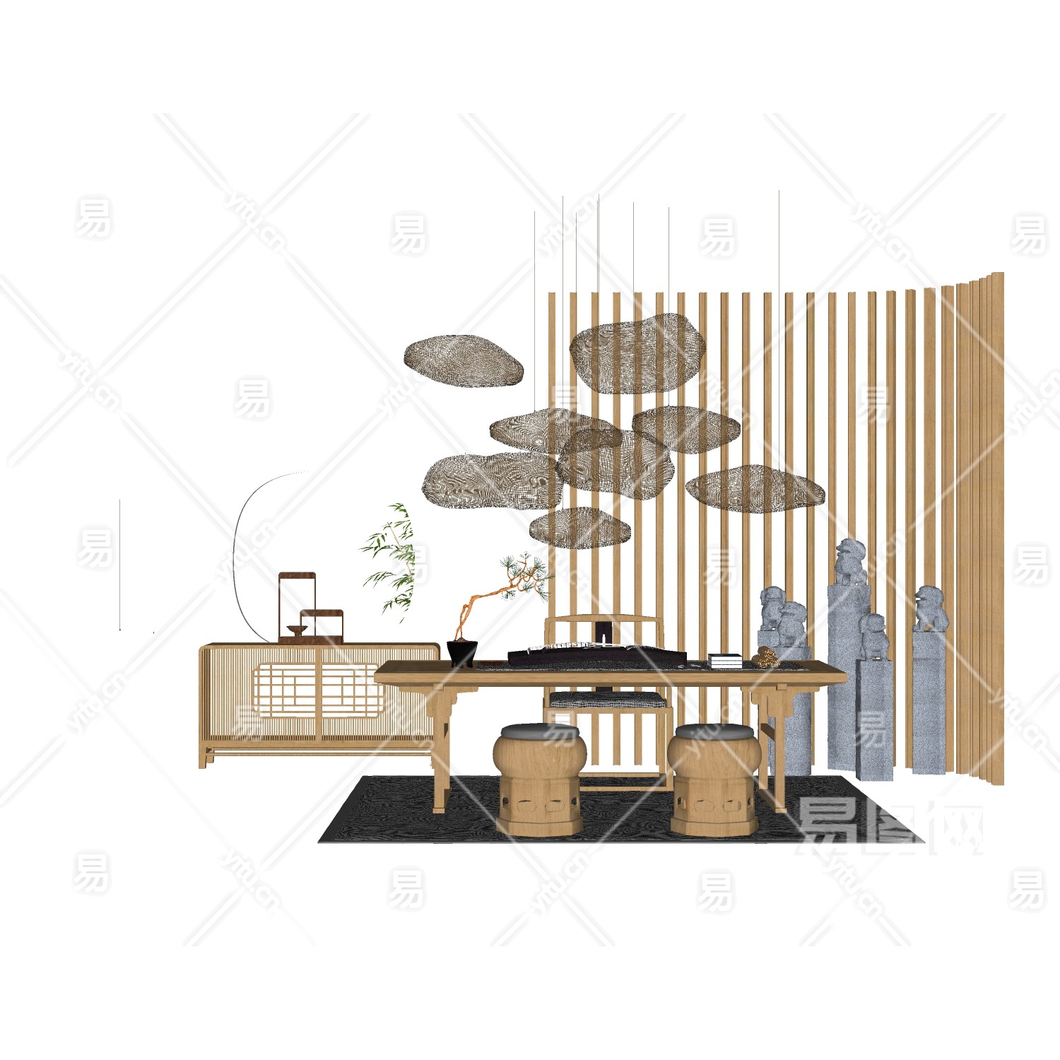 新中式禅意家具su
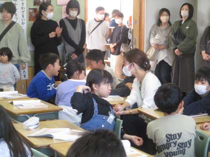 家族のために自分が出来ることを考えました。子供たちは、「自分にできることをしたい」「家族が疲れているときは、自分が家事をしたい」等と考えました。本日は、ご参観ありがとうございました。
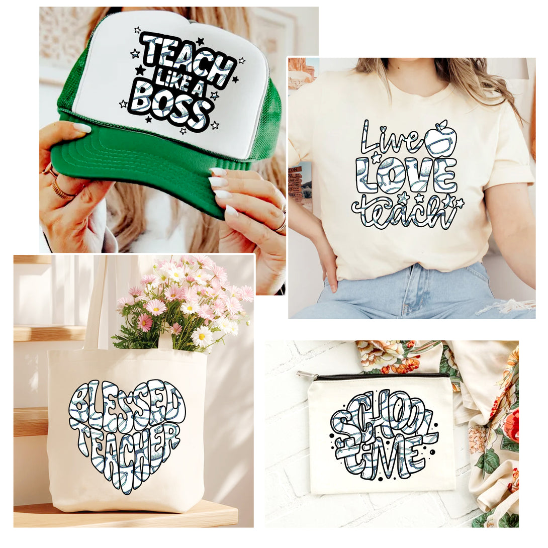 Tintnut Teachers' Day Glasses Clips Heat Transfer Vinyl Patterned HTV for Fabric Iron on Vinyl for T-Shirts Clothing
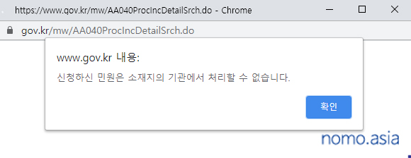 그런데 내 경우, 우리집 주소나 집 근처 주소를 입력하면 아래와 같은 팝업창에 "신청하신 민원은 소재지의 기관에서 처리할 수 없습니다." 라는 메시지가 나타나며 그 다음의 절차를 진행할 수 없었다.
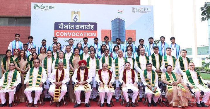 राष्ट्रीय खाद्य प्रौद्योगिकी, उद्यमिता एवं प्रबंधन संस्थान (निफ्टेम-के), कुंडली ने आज अपना 6वां दीक्षांत समारोह एवं स्थापना दिवस भव्य रूप से मनाया। इस अवसर पर भारत सरकार के प्रधान वैज्ञानिक सलाहकार प्रोफेसर अजय कुमार सूद मुख्य अतिथि के रूप में उपस्थित रहे। समारोह में खाद्य प्रसंस्करण उद्योग मंत्रालय (MoFPI) के संयुक्त सचिव श्री देवेश देवल, प्रोफेसर वी. रामगोपाल राव, अध्यक्ष, बोर्ड ऑफ गवर्नर्स (BoG), निफ्टेम-के, तथा बिकानो के प्रबंध निदेशक श्री श्याम सुंदर अग्रवाल विशिष्ट अतिथि के रूप में शामिल हुए। कार्यक्रम में प्रतिष्ठित शिक्षाविदों, वैज्ञानिकों और उद्योग जगत के प्रमुख नेताओं ने भाग लिया।
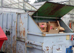 Container geworfen und die Papierpresse angeschaltet. Dann, einmal im Monat, der
——
Instructions for the task:
Before duplicating the entries above, strip out the pictures and keep the rest exact.

Response to this task:
 新中式禅意家具su
 家族のために自分が出来ることを考えました。子供たちは、「自分にできることをしたい」「家族が疲れているときは、自分が家事をしたい」等と考えました。本日は、ご参観ありがとうございました。
 Tintnut Teachers' Day Glasses Clips Heat Transfer Vinyl Patterned HTV for Fabric Iron on Vinyl for T-Shirts Clothing
 그런데 내 경우, 우리집 주소나 집 근처 주소를 입력하면 아래와 같은 팝업창에 "신청하신 민원은 소재지의 기관에서 처리할 수 없습니다." 라는 메시지가 나타나며 그 다음의 절차를 진행할 수 없었다.
 राष्ट्रीय खाद्य प्रौद्योगिकी, उद्यमिता एवं प्रबंधन संस्थान (निफ्टेम-के), कुंडली ने आज अपना 6वां दीक्षांत समारोह एवं स्थापना दिवस भव्य रूप से मनाया। इस अवसर पर भारत सरकार के प्रधान वैज्ञानिक सलाहकार प्रोफेसर अजय कुमार सूद मुख्य अतिथि के रूप में उपस्थित रहे। समारोह में खाद्य प्रसंस्करण उद्योग मंत्रालय (MoFPI) के संयुक्त सचिव श्री देवेश देवल, प्रोफेसर वी. रामगोपाल राव, अध्यक्ष, बोर्ड ऑफ गवर्नर्स (BoG), निफ्टेम-के, तथा बिकानो के प्रबंध निदेशक श्री श्याम सुंदर अग्रवाल विशिष्ट अतिथि के रूप में शामिल हुए। कार्यक्रम में प्रतिष्ठित शिक्षाविदों, वैज्ञानिकों और उद्योग जगत के प्रमुख नेताओं ने भाग लिया।
 Container geworfen und die Papierpresse angeschaltet. Dann, einmal im Monat, der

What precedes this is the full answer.